The site, which launched in August, serves as a portal for small businesses, nonprofits, local government officials and residents, almost like Craigslist, but exclusively for the Ithaca community.

Colket said he wants Swidjit to encourage people to realize what their neighbors and local businesses have to offer.

“The Internet has shown itself in ample ways to connect and share with people around the world,” he said. “But somehow we don’t really have a place where we connect and share with people in our towns and neighborhoods and dorms.”

Colket said about 4,000 people in Tompkins County have visited the site. Though Swidjit is a work in progress, he said he hopes the updates will allow Ithaca to serve as a prototype for other communities in the future.

In Ithaca, an online system to document this form of exchange is expected to be completed by the end of this year, Leslie Strebel, a board member of the Alternatives Federal Credit Union who is leading a group of more than 20 community members to develop and test the system, said.

“Unlike traditional barter, if I do something for you, you don’t have to do something for me,” she said. “If I do something for you, I have a credit in the bank, and I can redeem that credit from any other member in the time bank.”

Each hour is worth the same in the time bank, and users will have a larger variety of services to choose from if more members participate.

Shira Golding is a co-founder of Share Tompkins, a volunteer-run organization that helps community members share and trade goods in the county online. The group also organizes Community Swap Meets, events where people will exchange goods like homemade ceramics and art for locally grown vegetables or baked bread.

Golding said several hundred people attended more than 20 of their events in the past two years.
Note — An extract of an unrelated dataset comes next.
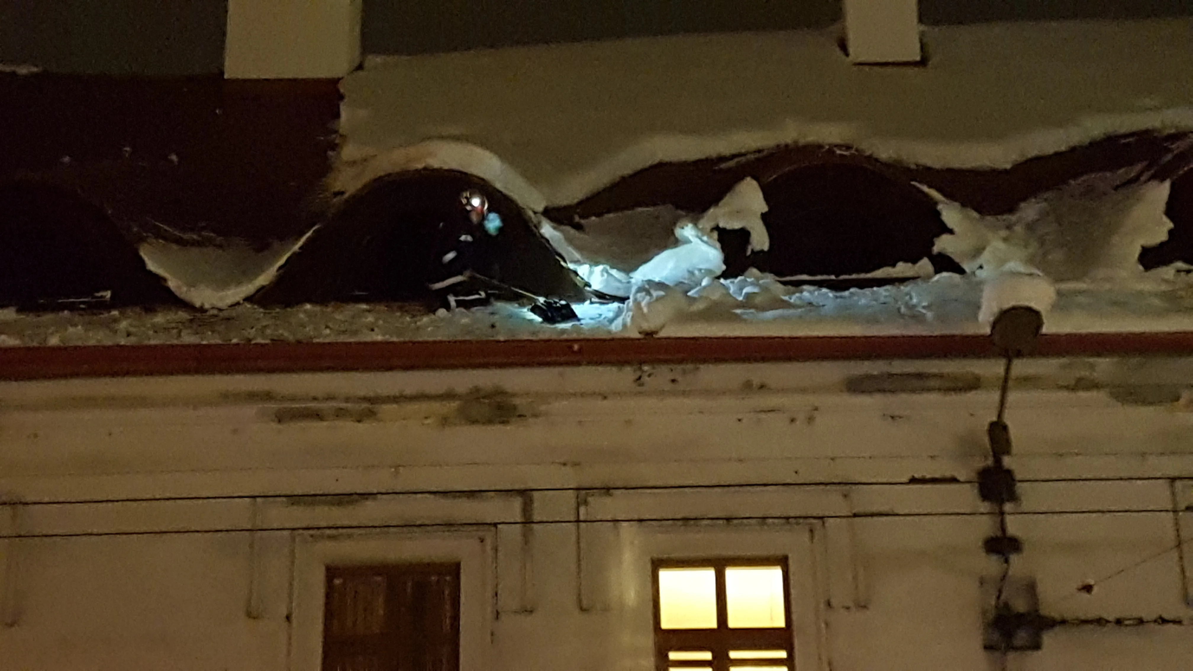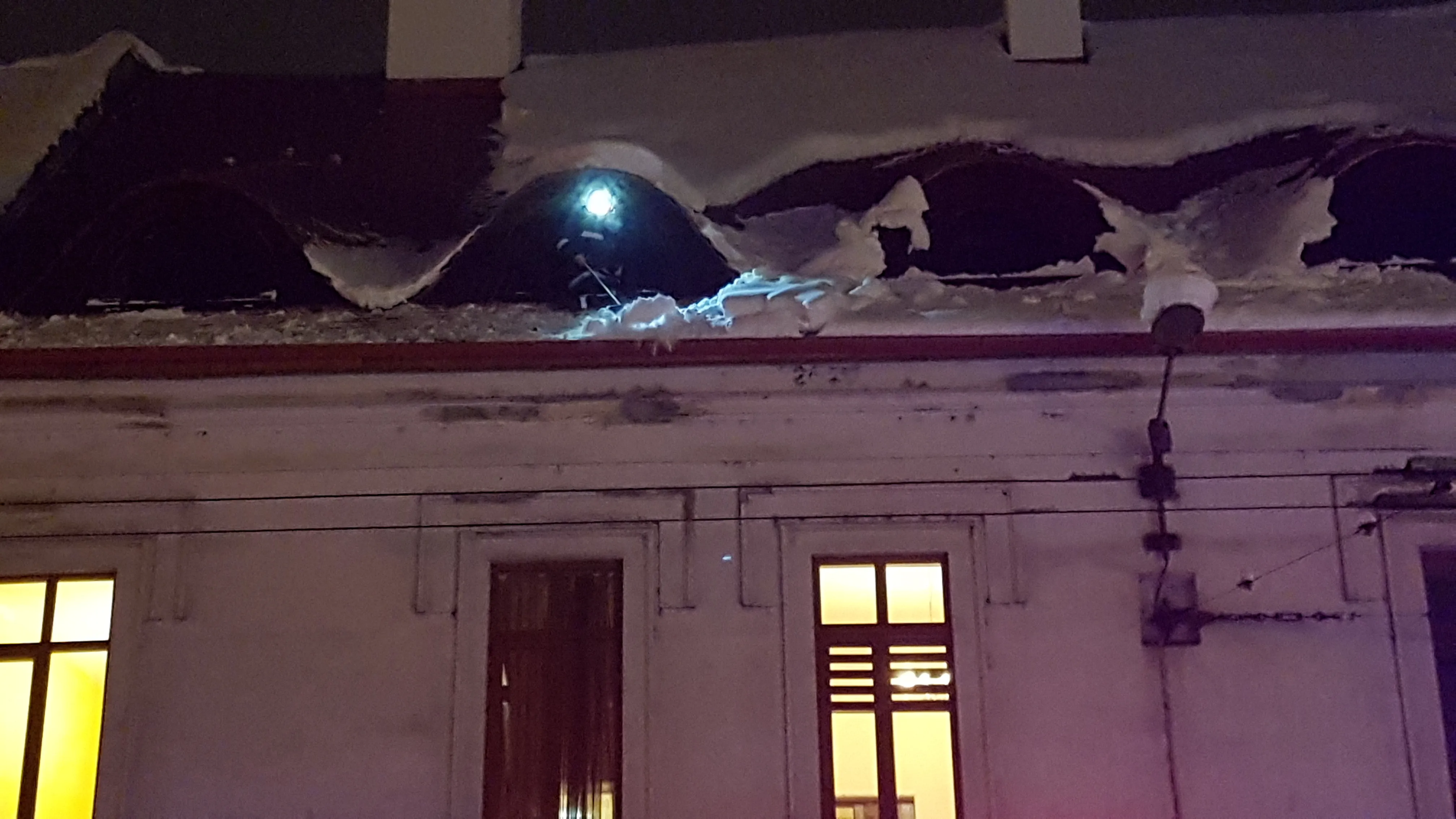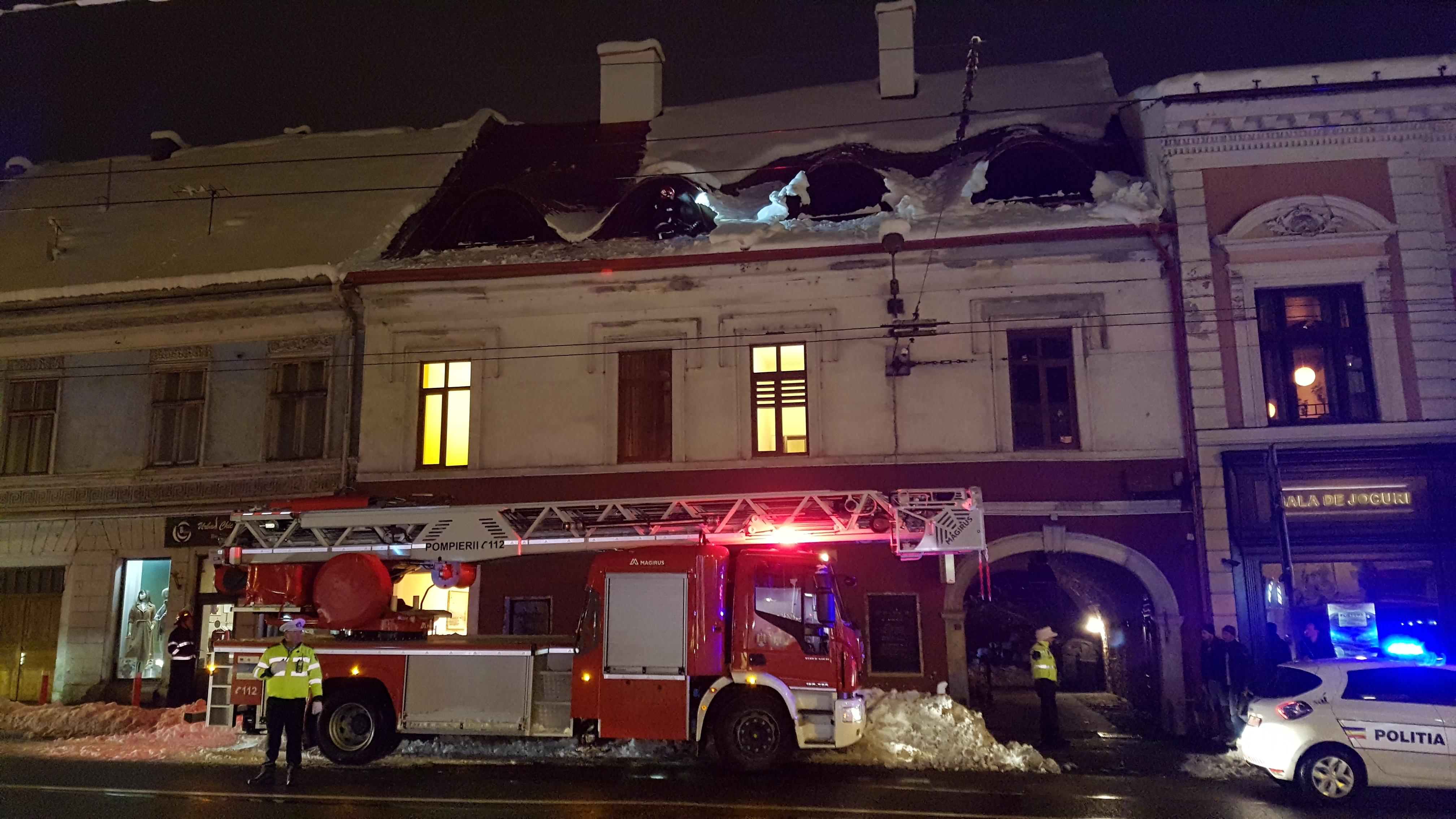 Pompierii clujeni lucrează non-stop pentru a îndepărta gheața și zăpada de pe clădirile din zona centrală.

Now, she said, the organization’s members hope to spread its ideas to more communities in the county.

“We’re encouraging people in the community to see us as a resource and a place that helps promote, so that they can take the lead and host their own swap or free market in their backyard or a community space,” she said.

Strebel said time banking allows people who are underemployed or out of work to contribute to the economy.

“It’s a very elegant way for people who don’t have a lot of cash on hand to access services that they need to feel valued and productive in society, when the economy may not be making them feel that way,” she said.

Strebel said these initiatives will replace the way people measure their quality of life as communities across the nation begin to reconsider creative ways to be sustainable.

“It’s really going to be a measure of the tightness of community bonds and how secure people feel about getting what they need and when they need it from their neighbor, so they don’t have to rely on multi-national corporations to meet needs,” she said.

Golding said she hopes these initiatives will set an example for other struggling cities.

“The more approaches we experiment with as a community, the more this sharing culture can survive, and hopefully it can continue to be a model for other communities.”